Secondo Margaret Muldoon, il fulcro attorno a cui deve essere imperniato
questo momento celebrativo è la fedeltà creativa. In effetti, rileva, pur
riconoscendo che lo Spirito Santo ha illuminato e guidato l’istituto attraverso
i tempi, rileggendo oggi le costituzioni, ci si accorge che alcuni aspetti
hanno bisogno di essere riletti e rivisti alla luce dell’esperienza maturata e
della stessa evoluzione della vita religiosa. C’è infatti la possibilità di
perdere di vista la profondità, il significato attuale e la sfida della nostra
spiritualità e la chiamata alla missione, centrale nelle nostre costituzioni:
«Credo che se vivremo l’essenza della nostra chiamata e della nostra
spiritualità, i cambiamenti necessari diventeranno più chiari e potremo
accoglierli con convinzione e il desiderio di vivere la nostra missione ancor
più autenticamente oggi».
Occorre perciò fare molta attenzione al modo con cui viene considerato un
momento così importante della storia dell’istituto. Uno di questi, sottolinea
la superiora generale, sarebbe, per esempio, di leggere le costituzioni adagio,
riflettendoci sopra, con mente e cuore aperti, facendo attenzione ad ogni
articolo che ci parla in maniera nuova, ci invita e ispira, ascoltando così
l’invito che Dio rivolge a ciascuna in questo momento presente; un altro modo
poterebbe essere di leggere il profilo della nostra storia, e costatare quali
sentimenti o pensieri esso evoca in ciascuna di noi».
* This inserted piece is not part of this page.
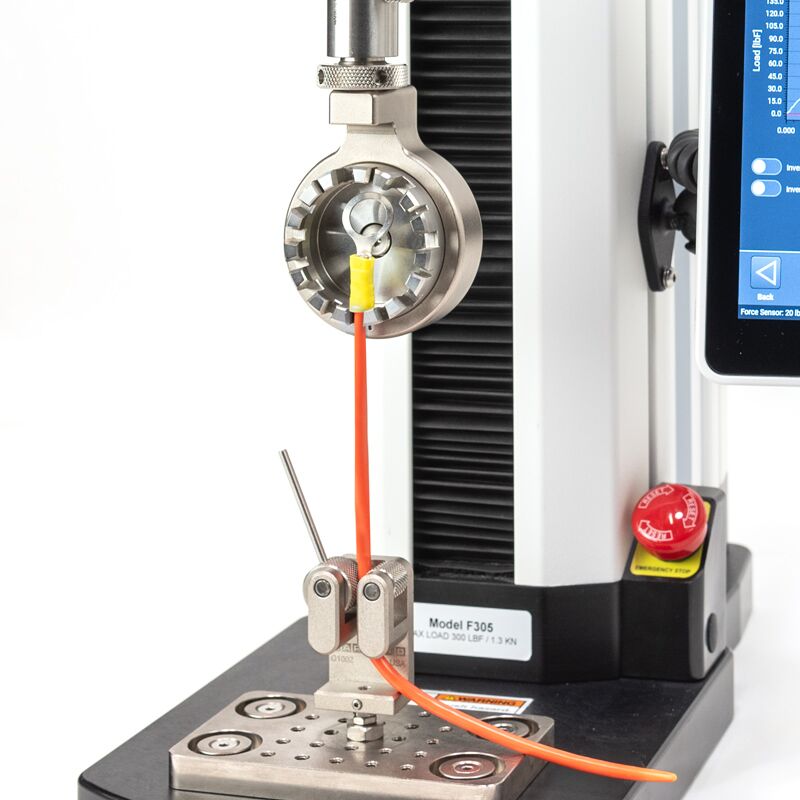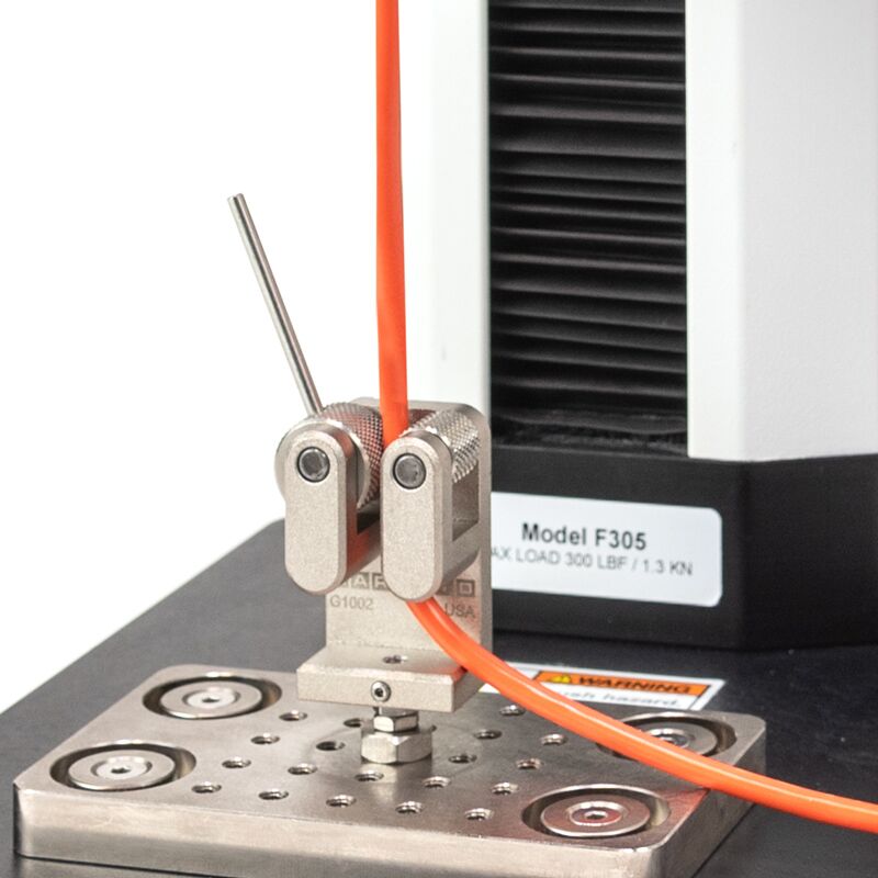 This cam grip secures the ends of wire, cable, and tubing samples for pull testing. Engaging and disengaging samples is quick and easy, with a side slot for sample insertion and serrated steel rollers. Commonly used with the G1001 wire terminal grip.

In effetti «il cambiamento è segno di vita, di crescita, di movimento». Si
può dire che esso ha sempre accompagnato la storia dell’istituto, come si può
costatare rileggendone la storia. Si tratta di inserirsi anche oggi in questo
movimento, sottolinea M. Muldoon, tanto più che «il mondo d’oggi cambia più
rapidamente che non in passato» e «non possiamo dimenticare di essere anche noi
parte di questo continuo movimento di vita». Pertanto, «in questo continuo
cambiamento ciò che ci impedisce di costruire sulle sabbie mobili, che ci
garantisce che siamo fedeli alla nostra ragion d’essere e ci consente di fare
la differenza è la fedeltà creativa al nostro carisma e alla nostra missione».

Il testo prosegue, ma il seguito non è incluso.